Au milieu du mois de juin 2007, Le Secrétariat était en possession de la lettre du président du CSG de l’UICN (UICN CSG 2007 a) qui clarifiait que les experts régionaux du groupe n’étaient pas en mesure de localiser, fournir ou confirmer la moindre base scientifique pouvant justifier la délivrance d’un avis de commerce non préjudiciable pour Tursips aduncus, l’espèce en cause, dans les eaux des Iles Salomon. Le Secrétariat a donc bien reçu des informations indiquant qu’aucune preuve ne démontrait l’existence de bases suffisantes pour l’émission d’un avis de commerce non préjudiciable. Si le Secrétariat ne bénéficie pas d’expertise scientifique suffisante au sein de son personnel, il se doit de consulter les spécialistes du monde ; dans la présente instance et dans d’autres instances, il s’agit du Groupe de Spécialistes pertinent de la Commission pour la Survie des Espèces de l’UICN.

En faisant cette déclaration, le Secrétaire Général a créé un standard de preuve de facto impossible à remplir pour remettre en question les avis de commerce non préjudiciable. Il a en effet déclaré que le pays d’exportation a seulement besoin de dire qu’il n’y a aucun préjudice (sans document le justifiant ou sans aucune preuve ce qui est contraire aux Résolutions Conf.10.3 et 14.7). Cela n’est pas compatible avec la pratique en place à la CITES depuis son entrée en vigueur en 1975. En effet, d’après le Secrétaire Général, toute autre Partie, bailleur de fond ou personne concernée doit présenter des preuves solides montrant que l’exportation est préjudiciable. Le Secrétaire Général, en faisant cette déclaration, a en effet décidé qu’il considère que la confirmation du fait que de telles preuves n’existent pas – ou du fait que les informations scientifiques pouvant déterminer l’existence du caractère préjudiciable ou non préjudiciable sont insuffisantes – ne suffisent pas pour questionner la possible validité d’un commerce proposé.

En vue de l’information des lettres du CSG de l’UICN, la déclaration du Secrétaire Général ignore également le principe de précaution qui garantit que, en cas d’incertitude, les Parties « agiront au mieux dans l'intérêt de la conservation de [l’]espèce » (les Parties ont adopté ce texte dans le cadre de l’inscription des espèces aux Annexes CITES (Résolution Conf. 9.24 (Rev.
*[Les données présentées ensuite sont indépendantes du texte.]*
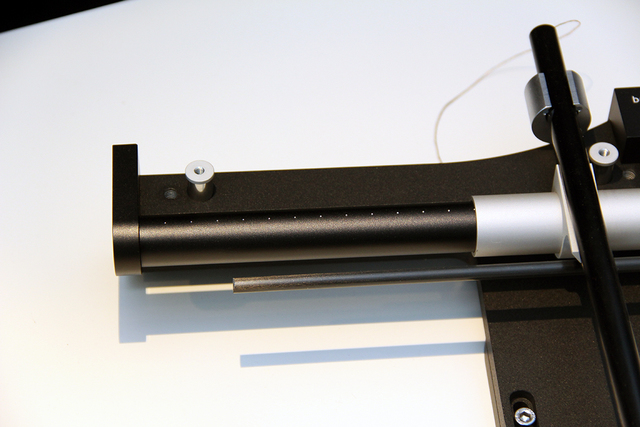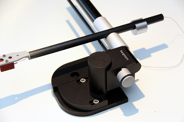 アームベースにはアルミを採用し、2つのネジによって前後位置を設定可能。基本的にはbergmannのアナログターンテーブル「Galder」への取り付けに最適化したアームベースを装備するが、もちろん他のブランドのターンテーブルへの取り付けも可能。その際は通常の9インチのトーンアームと同じ位置へ取り付けることになる。

CoP14))).

7. « De même, il n’a reçu aucune preuve démontrant que le commerce actuel ou futur aura des effets négatifs sur les populations de dauphins. » – Secrétaire Général de la CITES

En faisant cette déclaration, le Secrétaire Général a renversé la charge de la preuve. Il a rendu la charge de la preuve inflexible au point de la rendre irréaliste, impossible à satisfaire, et incompatible avec le traité CITES lui-même. La charge de la preuve relève du pays d’exportation qui doit fournir suffisamment d’informations scientifiques pour justifier la délivrance d’un avis de commerce non préjudiciable, ce qui a été exprimé par les Parties dans la Résolution CITES Conf.10.3. Le Secrétariat a, sans consulter les Parties et en violation de cette Résolution, renversé la charge de la preuve et a décidé que les Parties ou toutes les autres entités souhaitant remettre en cause les avis de commerce non préjudiciable doivent fournir des informations scientifiques montrant que l’exportation « aura des effets négations » (emphase ajoutée).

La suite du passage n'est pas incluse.